4). The solid pharmaceutical composition of claim 3, wherein one of the discrete portions comprises granules and the other comprises a powder blend.
5). The solid pharmaceutical composition of claim 3, wherein one of the discrete portions comprises pellets and the other comprises granules.
6). The solid pharmaceutical composition of claim 3, wherein one of the discrete portions comprises pellets and the other comprises a powder blend.

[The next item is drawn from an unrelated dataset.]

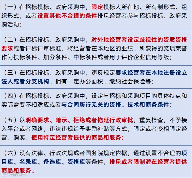 特别是在招投标和政府采购领域,《办法》在国家规定的四大类23项禁止性标准基础上,增设了六大重点项目,将开展重点审查。
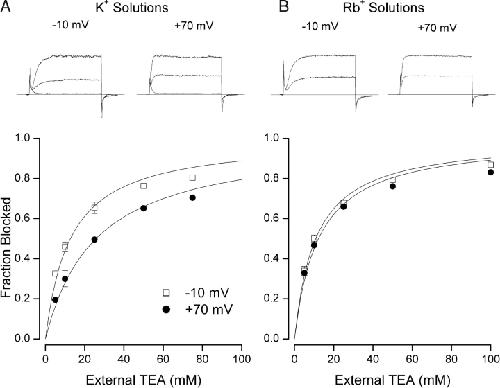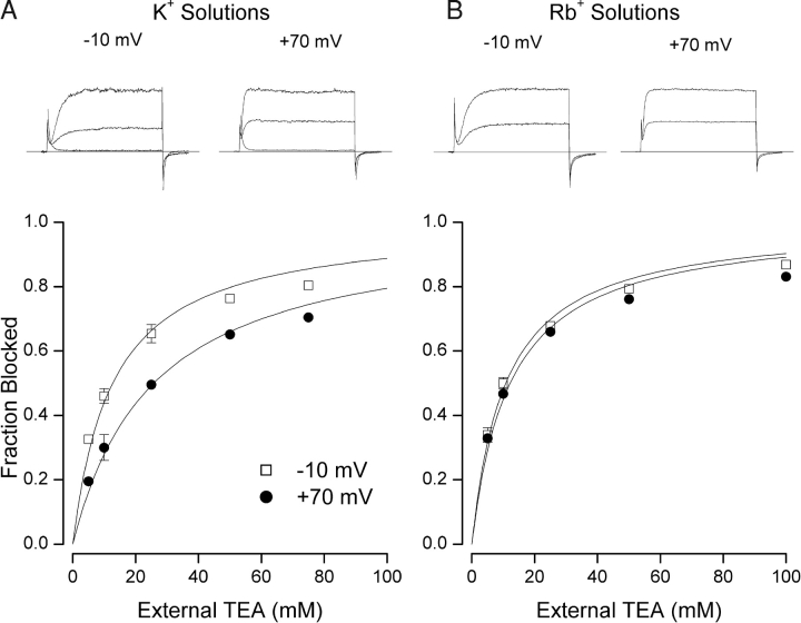 Figure 1. . External TEA block of Shaker K+ channels. (A) TEA block in K+ solutions (5 mM external K+//135 mM internal K+). (Top) Raw current records obtained with step changes in membrane potential from −70 mV to the indicated voltages. Lower record of each pair recorded in the presence of 20 mM TEA. Superimposed on each set of records is the current at the indicated voltage recorded from an uninjected oocyte illustrating the lack of any significant endogenous currents. The current records have not been leak corrected- the small current from the uninjected oocyte is likely through the ∼7 GΩ seal resistance. (Main) Fraction of channel current block by external TEA at −10 (□) and 70 mV (•), respectively. Lines are fits of Eq. 1 to the data with Kapp values of 12.3 ± 0.81 and 25.2 ± 1.4 mM at −10 and 70 mV, respectively. (B) TEA block in Rb+ solutions (5 mM external Rb+//135 mM internal Rb+). (Top) Raw current records obtained with step changes in membrane potential from −70 mV to the indicated voltages. Lower record of each pair recorded in the presence of 20 mM TEA. (Main) Fraction of channel current block by external TEA at −10 (□) and 70 mV (•), respectively. Lines are fits of Eq. 1 to the data with Kapp values of 10.9 ± 0.74 and 12.5 ± 1.2 mM at −10 and 70 mV, respectively.

7). The solid pharmaceutical composition of claims 1-6, wherein the composition is a tablet or a capsule.
8). The solid pharmaceutical composition of claim 7, wherein the tablet is a bilayer tablet.
9). The solid pharmaceutical composition of claim 7, wherein the composition is a capsule containing at least one of the discrete portions compressed as a tablet.
10). The pharmaceutical composition of claim 1 or 2, wherein the pharmaceutically acceptable carrier is selected from one or more of diluents, binders, disintegrants, glidants and lubricants as herein described.
11). A method of preparation of the solid pharmaceutical composition of preceding claims, wherein the method comprises the conventional processes of wet granulation, dry granulation or direct compression.
12). A method of preparation of the solid pharmaceutical composition of claim 11, wherein the wet granulation is executed by the process of extrusion and spheronization.